Recorded data:
● ● ●
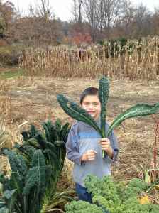 We found out that although kale will continue to produce even after the snow falls, it needs to be continually harvested (from the bottom up) in October/November.
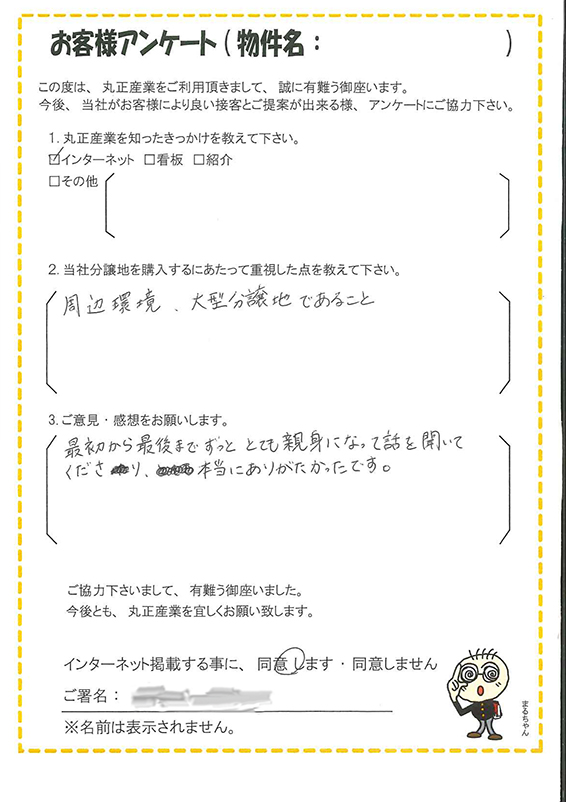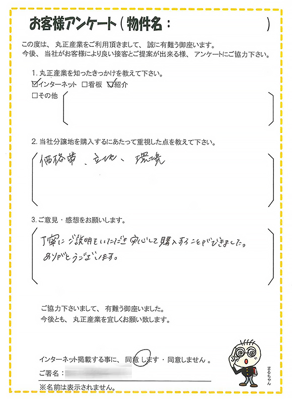この度は、当社分譲地を気に入って頂きましてありがとうございました。
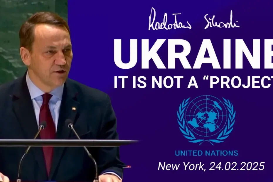 Read the full transcript of Minister of Foreign Affairs of Poland Radosław Sikorski’s speech titled ‘Ukraine Is Not A “Project”‘ at UN General Assembly, New York on Feb 24, 2025.
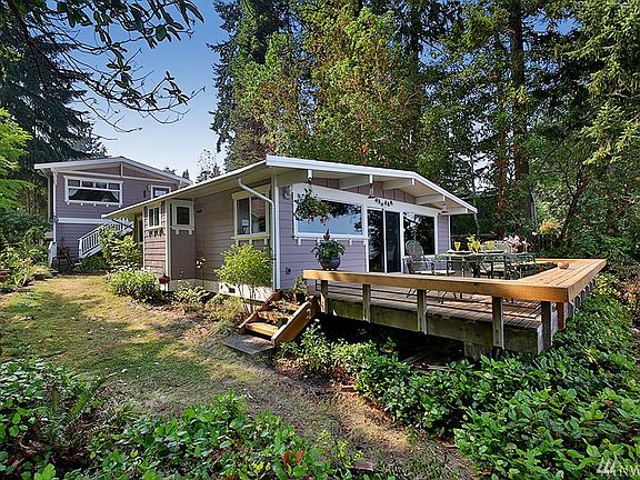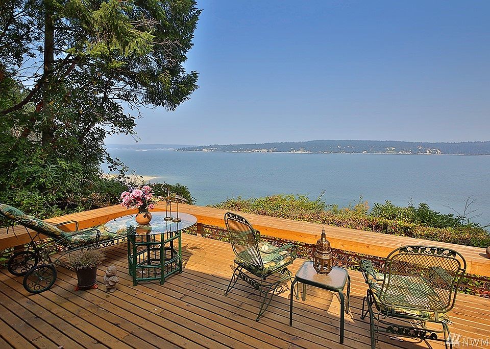 Rare Dines Point waterfront home. 180 degree view of Holmes Harbor, Mt. Baker & Saratoga Passage. Enjoy the large deck while whale & eagle watching. Extensively remodeled 899sf main home, upgrades incl Brazilian Cherry floors, granite kitchen counters, custom cabinets, tankless on demand water heater, Hardi Plank exterior siding and rolled composite roof. 497sf finished storage space above garage. Owned tidelands + share ownership in beach lot.
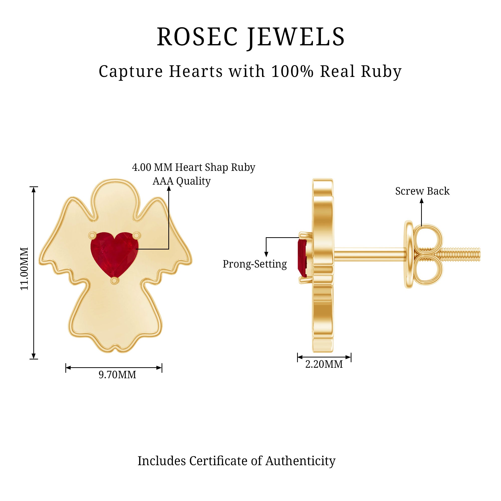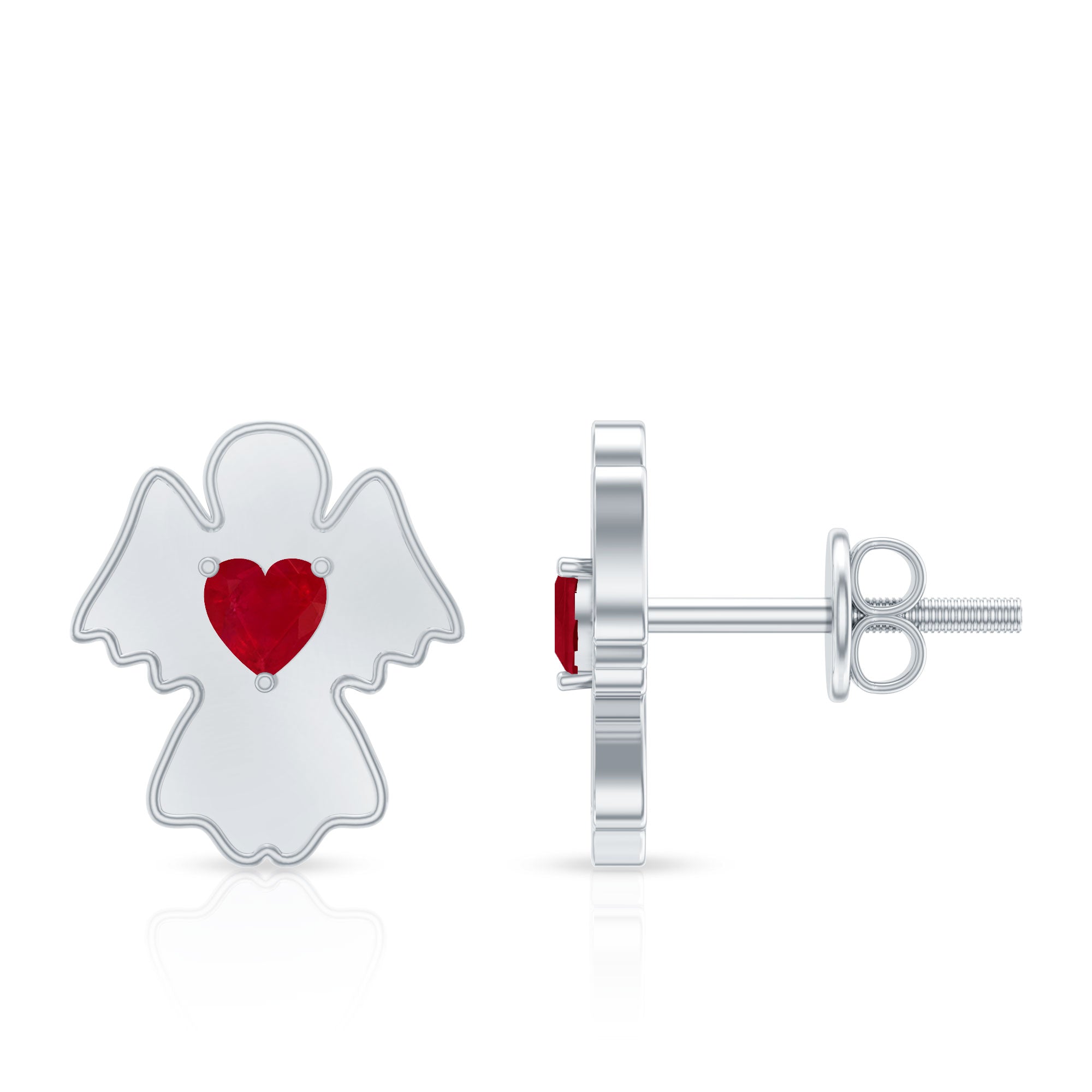 Show your playful side with these Angel Stud Earrings as they are a perfect choice for you, whether you are dressed up or down. Embellished with Heart Shape Ruby set on an angel design, makes it an eye-catching piece. The Angel Earrings secures comfortably with screw backs. Make a charming addition to your jewelry collection by getting these Ruby Earrings or give them away to someone special as a Halloween gift.
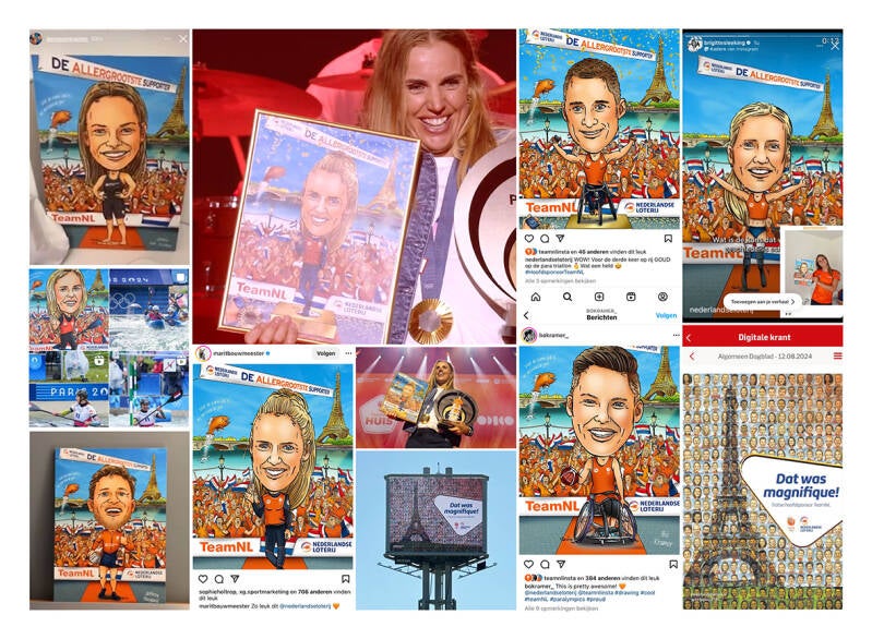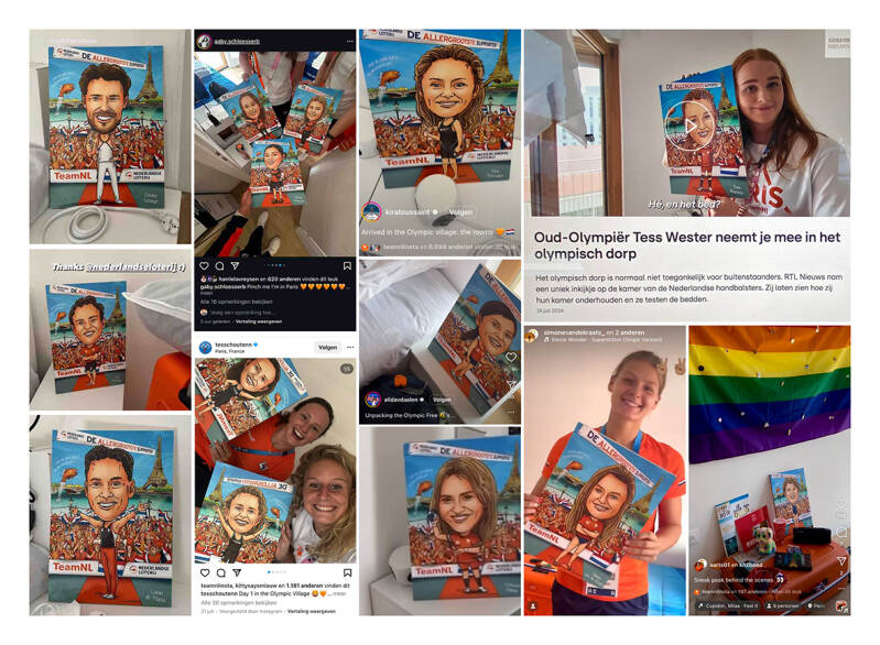 In 2024 gewerkt aan een grote opdracht voor de Nederlandse Loterij. Van alle 300 Nederlandse deelnemers aan de Olympische Spelen 2024 mocht ik een karikatuur maken. Bij aankomst in het Olympische dorp stonden deze als poster op hun nachtkastjes om de spelers te verwelkomen. Op social media ging de actie helemaal los.
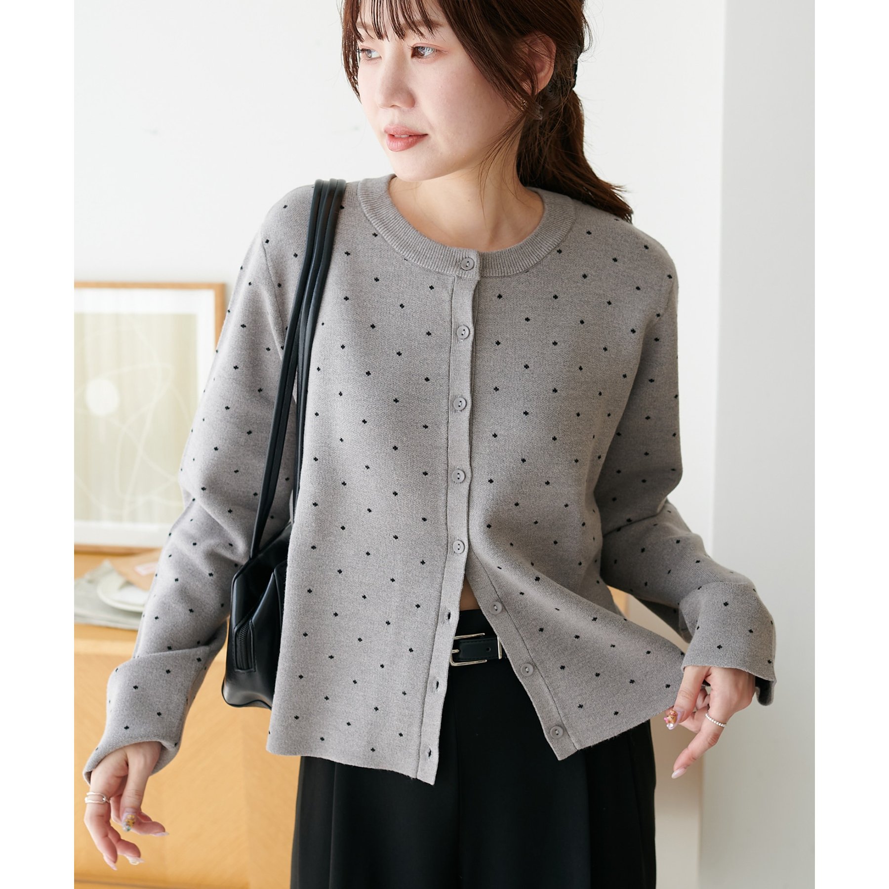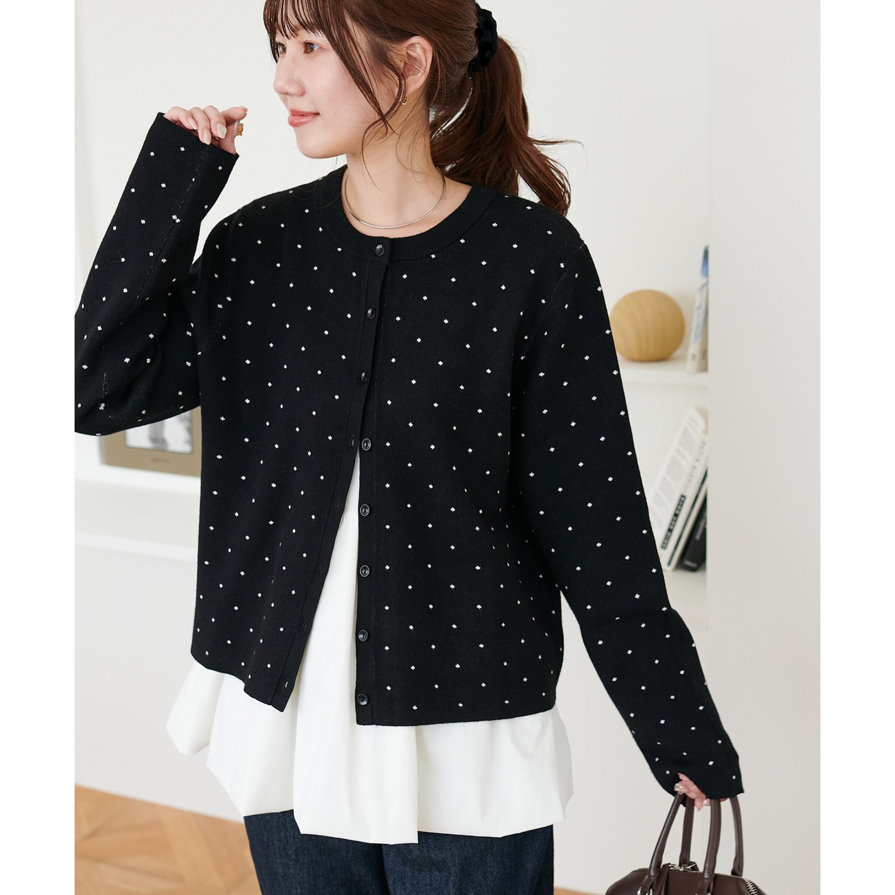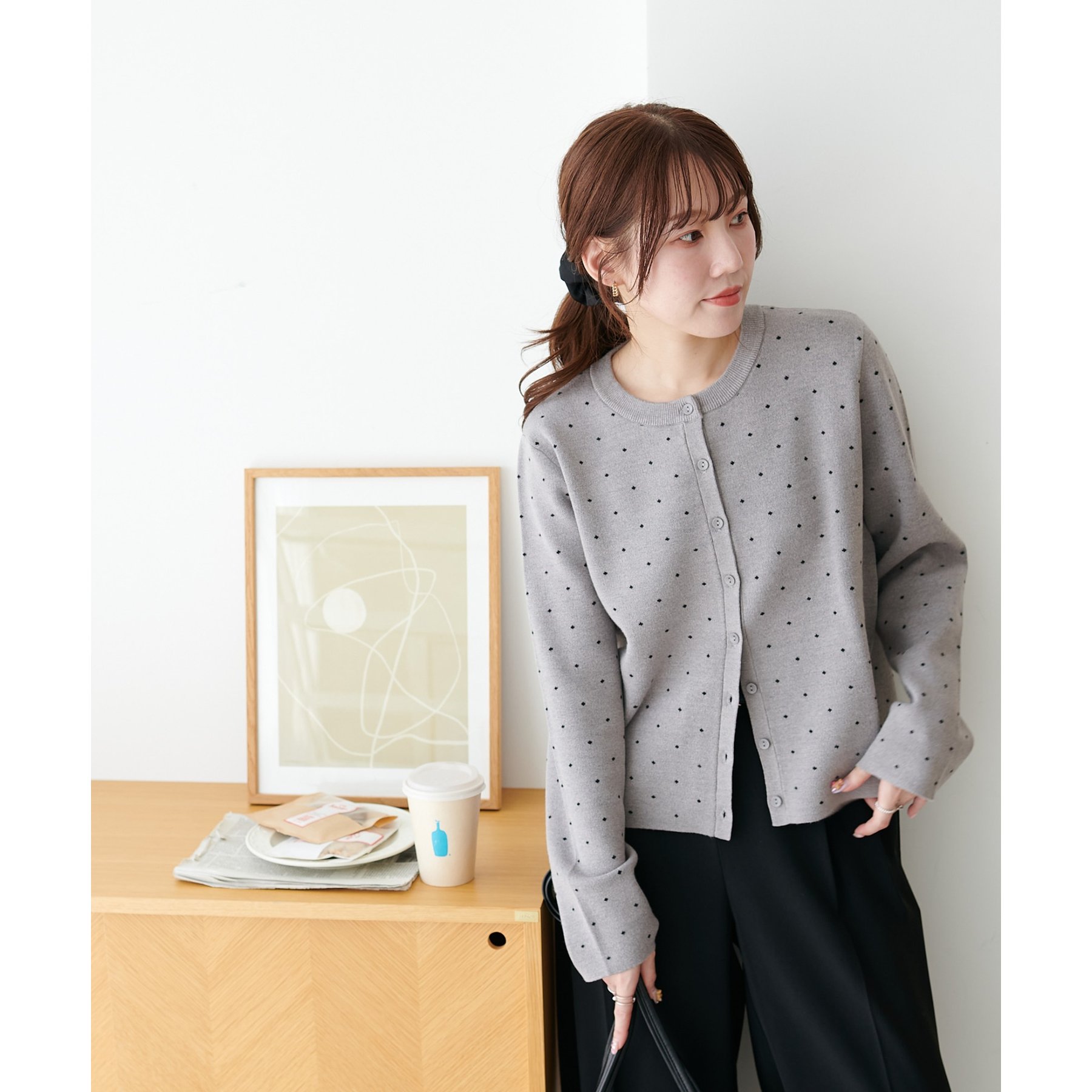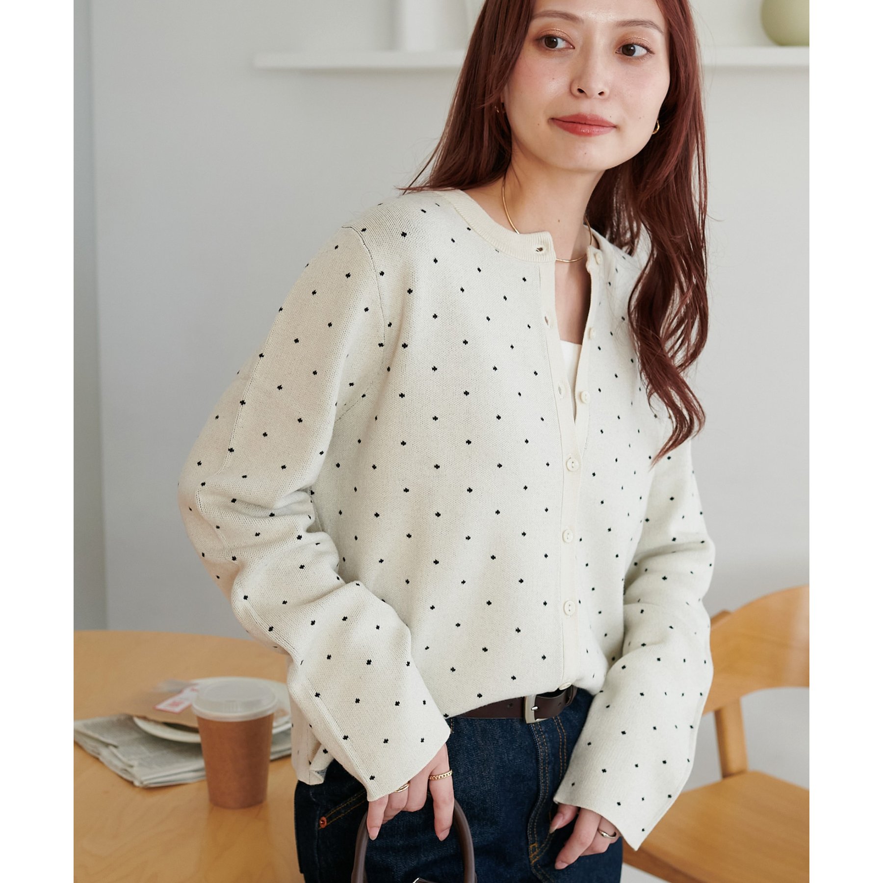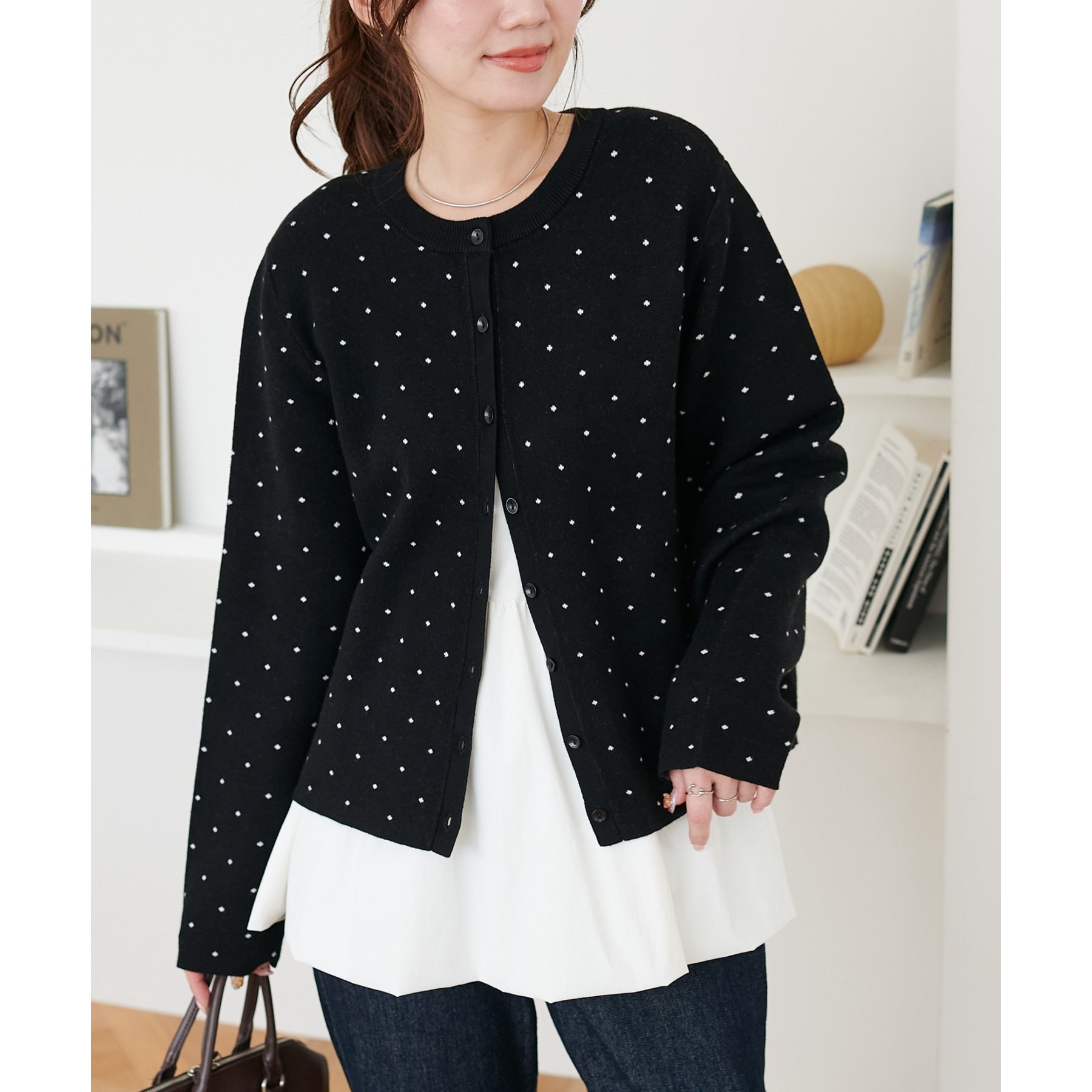 甘さ控えめ、大人に似合うドットカーディガン
● ● ●
Exercise details:
Return word for word the lines from the beginning of the entries through the line that contains "Read the full", both ends included, but no pictures.

Task answer:
 We found out that although kale will continue to produce even after the snow falls, it needs to be continually harvested (from the bottom up) in October/November.
この度は、当社分譲地を気に入って頂きましてありがとうございました。
 Read the full transcript of Minister of Foreign Affairs of Poland Radosław Sikorski’s speech titled ‘Ukraine Is Not A “Project”‘ at UN General Assembly, New York on Feb 24, 2025.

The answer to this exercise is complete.